Hacker News new | ask | show | jobs
by javajosh 3490 days ago
It's interesting to view recent events in the US as a crisis of measurement. The news media measured the voting public with polling samples, we then measured the voting public with a vast government apparatus. Clearly, the measurements did not agree. Logically there are three possibilities: the media was right, the polls were right, or neither were right.
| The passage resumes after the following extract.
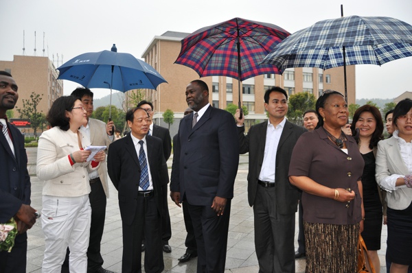 2011年4月16日下午,加纳共和国英联邦电信组织( CEO)Ekwow Spio-Garbrah博士一行莅临我院,学院大门口,我院学生用鲜花迎接远道而来的加纳国朋友。
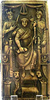 The routine distribution of such diptychs in the East is marked by a decision by Theodosius I in 384 to limit expenditure on the games of Constantinople by reserving ivory diptychs (and golden gifts) to consuls alone.[4] In the western empire, they became a usual part of the public displays given by great aristocrats. Quintus Aurelius Symmachus, for example, distributed some to commemorate his son's quaestorian games in 393 and praetorian games in 401 respectively. Almost all depict the games, and on three separate occasions Symmachus links the presentation of these diptychs with the completion of the games.[5] Their end is marked by the consulship's disappearance under the reign of Justinian in 541.

It's actually quite a good thing that we start to speak openly about threat-models against all voter sentiment measuring tools, especially the official ones.

3 comments

The last polls before the election put Trump at a 30% win chance. Trump winning is a completely normal outcome in that situation and doesn't signal polling problems.
There are two different types of polls we're talking about here. One are polls conducted during the campaign to capture potential voter sentiment and perhaps predict the outcome. The second are exit polls attempting to measure the election outcome based on what voters say they cast. (Nearly?) all complaints about polls I've seen have been about the former.

There are different sets of issues with both categories of polls. If anything, I believe the issue is not a measurement issue as much as it is educating the public about what the different types of polls are, their limitations, and their usefulness.

The idea that an electoral poll incorporates a random error (and maybe a systematic one too) is alien to the discussion about recounts etc.
Yes, this was one of my questions. What is the accuracy and error margin of the voting system itself (and each state seems to have different methods so its not even uniform). Of roughly 126 million votes cast, 1% accuracy would be 1.26 million votes which would be of the same order of magnitude of Clinton's "win" of the popular vote. I have no idea if 1% accuracy is close or wildly too high or too low but we can't have a meaningful discussion without it.

Correction: Actual total was 126M votes for the presidential election not 160M votes as I stated. But the question remains.

Don't hold your breath.

Consider the case, in the technology of proportional representation, of the Hagenbach-Bischoff quota: https://en.wikipedia.org/wiki/Hagenbach-Bischoff_quota

It's (it seems to me) obviously arithmetically unfit for purpose compared to the Droop quota. In some cases more candidates can meet the quota than seats are available. Yet it remains in use/part of the credible discussion.